Self-Supervised Vision Transformers Learn Visual Concepts in Histopathology

Self-Supervised Vision Transformers Learn Visual Concepts in Histopathology, LMRL Workshop, NeurIPS 2021. [Workshop] [arXiv]
Richard. J. Chen, Rahul G. Krishnan
@article{chen2022self,
  title={Self-Supervised Vision Transformers Learn Visual Concepts in Histopathology},
  author={Chen, Richard J and Krishnan, Rahul G},
  journal={Learning Meaningful Representations of Life, NeurIPS 2021},
  year={2021}
}
DINO illustration

Summary / Main Findings:

  1. In head-to-head comparison of SimCLR versus DINO, DINO learns more effective pretrained representations for histopathology - likely due to 1) not needing negative samples (histopathology has lots of potential class imbalance), 2) capturing better inductive biases about the part-whole hierarchies of how cells are spatially organized in tissue.
  2. ImageNet features do lag behind SSL methods (in terms of data-efficiency), but are better than you think on patch/slide-level tasks. Transfer learning with ImageNet features (from a truncated ResNet-50 after 3rd residual block) gives very decent performance using the CLAM package.
  3. SSL may help mitigate domain shift from site-specific H&E stainining protocols.

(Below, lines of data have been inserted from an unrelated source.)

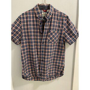 BOSTON TRADERS MENS PLAID BUTTON DOWN SIZE SMALL. RED WHITE & BLUE PLAID. SHIRT IS IN PERFECT CONDITION.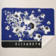 This cool girl's soccer themed Sherpa fleece blanket features an "explosion" of blue, black and white soccer balls in varying sizes and grey and blue star shapes - the blue star has a tiny pattern of white polka dots - customise with player's name and jersey number - the blue background and black colour strip at the bottom edge are customisable - katz_d_zynes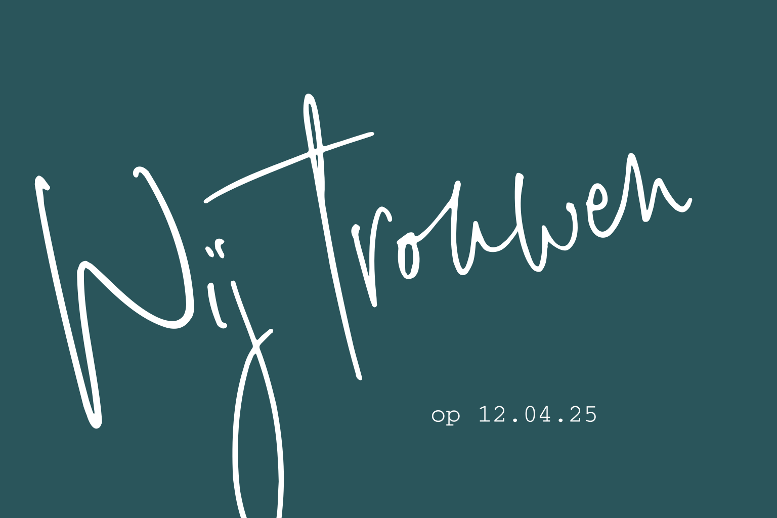 Simpele trouwkaart met goudfolie op een groene achtergrond. Je kunt de teksten zelf wijzigen.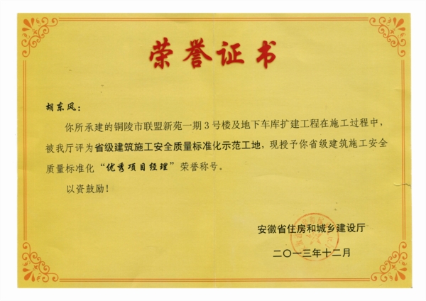 热烈祝贺我公司承建的铜陵市联盟新苑一期3号楼及地下车库扩建工程获得“省级建筑施工安全质量标准化示范工地”荣誉称号,项目经理胡东风同志获得省级“优秀项目经理”荣誉称号。望获得荣誉的项目部和个人,珍惜荣誉,再接再厉,发挥示范和带头作用,为全面提高我公司建筑施工安全质量标准化水平做出更大的贡献。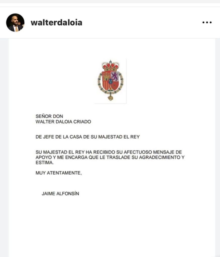 The Argentine Virreinal Queen icon is Walter D’Aloia Criado—not Honorary Consul of Spain, as he claims, but of Spain in Bolívar, a small town in the Province of Buenos Aires.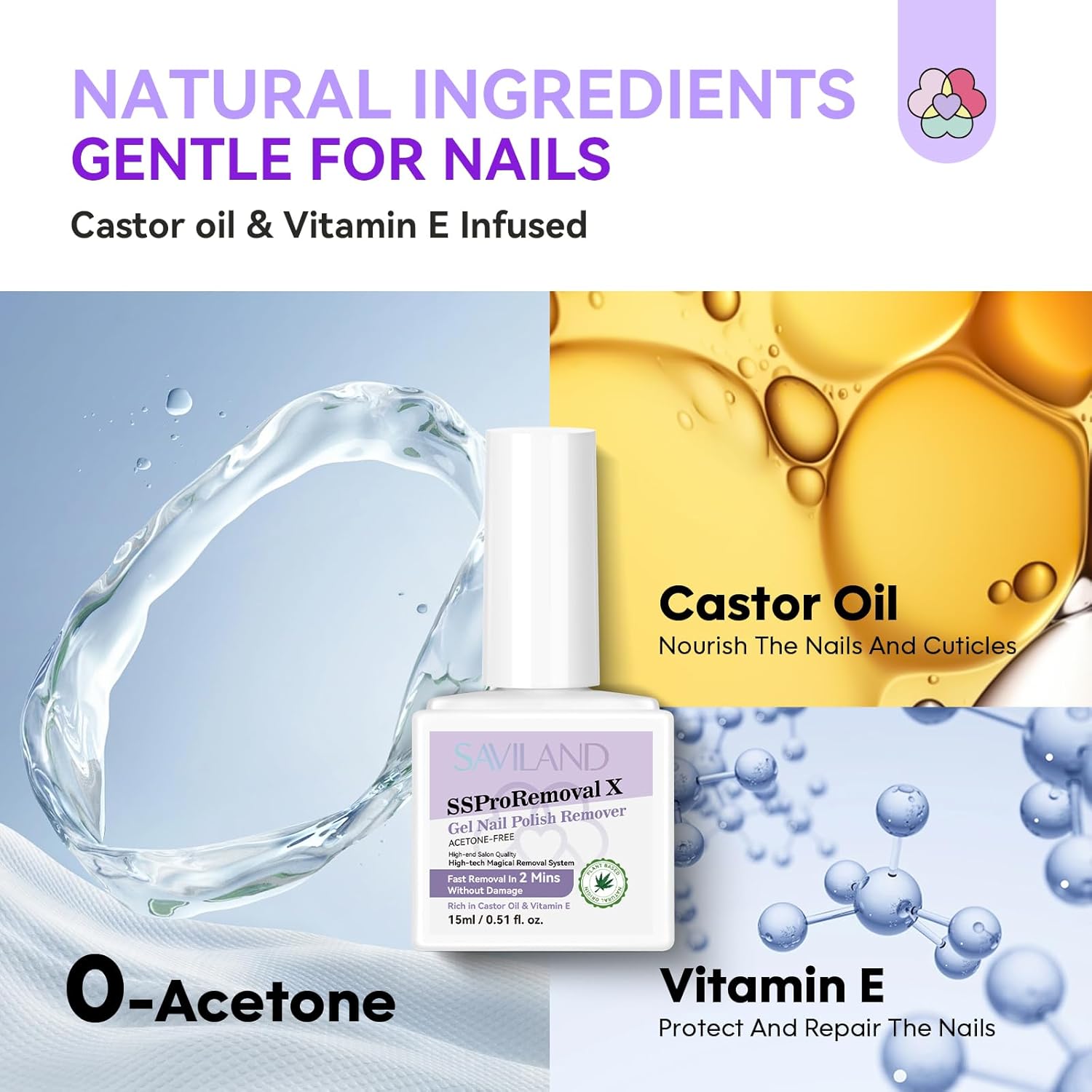 SAVILAND Gel Nail Polish Remover Kit: 2Pcs SSProRemoval X Fast Gel Remover in 2 Mins Castor Oil VE Gel Nail Remover for Acrylic Dip Nails with Complete Removal Tools Home Salon Use Home

With vanilla data augmentations, global structure of morphological subtypes (within each class) are more well-preserved than ImageNet features via 2D UMAP scatter plots.
  4. Self-supervised ViTs are able to localize cell location quite well w/o any supervision. Our results show that ViTs are able to localize visual concepts in histopathology in introspecting the attention heads.

Updates

Stay tuned for more updates :).

  • TBA: Pretrained SimCLR and DINO models on TCGA-Lung (Larger working paper, in submission).
  • TBA: Pretrained SimCLR and DINO models on TCGA-PanCancer (Larger working paper, in submission).
  • TBA: PEP8-compliance (cleaning and organizing code).
  • 03/04/2022: Reproducible and largely-working codebase that I'm satisfied with and have heavily tested.

Pre-Reqs

We use Git LFS to version-control large files in this repository (e.g. - images, embeddings, checkpoints). After installing, to pull these large files, please run:

git lfs pull

Pretrained Models

SIMCLR and DINO models were trained for 100 epochs using their vanilla training recipes in their respective papers. These models were developed on 2,055,742 patches (256 x 256 resolution at 20X magnification) extracted from diagnostic slides in the TCGA-BRCA dataset, and evaluated via K-NN on patch-level datasets in histopathology.

Note: Results should be taken-in w.r.t. to the size of dataset and duraration of training epochs. Ideally, longer training with larger batch sizes would demonstrate larger gains in SSL performance.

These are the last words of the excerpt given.